Saint John's, a Church of Ireland building near Durrow in east Galway, lost its roof covering long ago, yet its tower remains intact, topped with carved limestone pinnacles and crenellations that give it the silhouette of something older and grander than its actual age. Cast-iron railings from around 1850, each post finished with a spearhead, line the road boundary, and the graveyard holds a medieval-style tomb belonging to the Bagot family, also a product of the nineteenth century rather than the Middle Ages, though built deliberately to evoke an earlier era.
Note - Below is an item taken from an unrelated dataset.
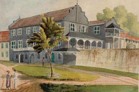 Il y a de grandes salles de réception, dont une salle de bal, et des suites d’appartements… L’Hôtel de Ville, côté colline n’a qu’un étage, mais confinant à la ville il en a trois et même quatre. La partie supérieure est construite autour des trois côtés d’un jardin hollandais. Une galerie sous la véranda couverte de tuile court tout autour. Une volée de jolis escaliers du côté de la mer mène sur la colline couverte de gazon vers la cathédrale, et les bungalows du Gouverneur et de l’aumônier colonial… Il doit y avoir plus de quarante chambres dans ce vieux bâtiment, sans compter les grands couloirs voûtés, et toutes sortes d’escaliers bizarres et de recoins. Le carrelage hollandais, de formes et de tailles variées, abonde.
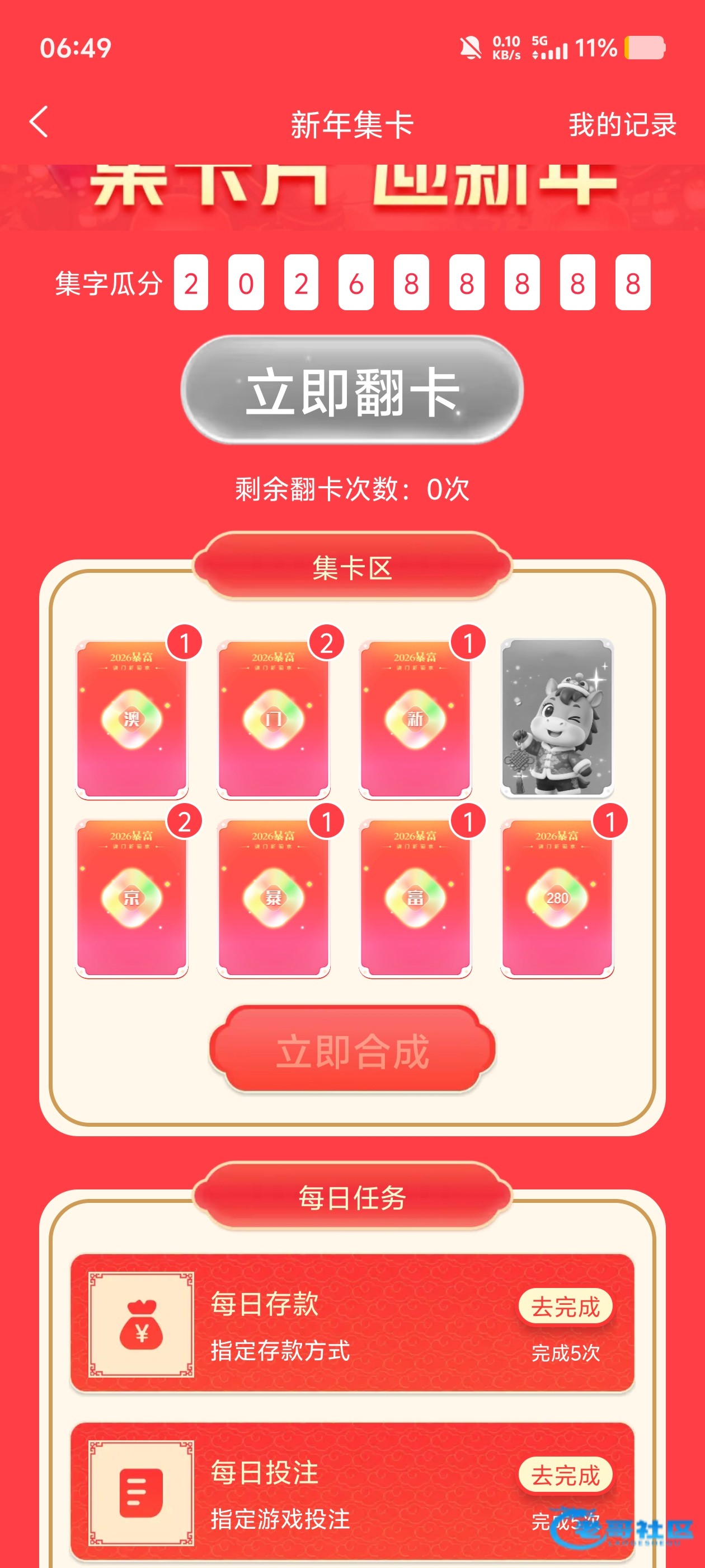 这个傻逼280,是不是故意的,活动马上结束了,就是还差一张,还翻到一样的,我日了

The church was built in 1832 and consecrated on 15 August 1833. It is what is known as a First Fruits church, a category of building funded by the Board of First Fruits, a body that financed the construction and repair of Church of Ireland churches and glebe houses across Ireland from the late eighteenth century into the 1830s. The design is typical of that programme: a four-bay nave with coursed rubble limestone walls, pointed-arch windows with chamfered ashlar surrounds, and remnants of metal latticework glazing still visible in the openings. The tower carries string courses between its three stages and chamfered corners, and above the pointed-arch doorway sits an uninscribed shield plaque, blank and oddly ambiguous. The church went by at least three names over its working life, being known variously as Oran Church, Drimtemple Church, and Ballymoe Church. It closed around 1962, having served its congregation for nearly a century and a half.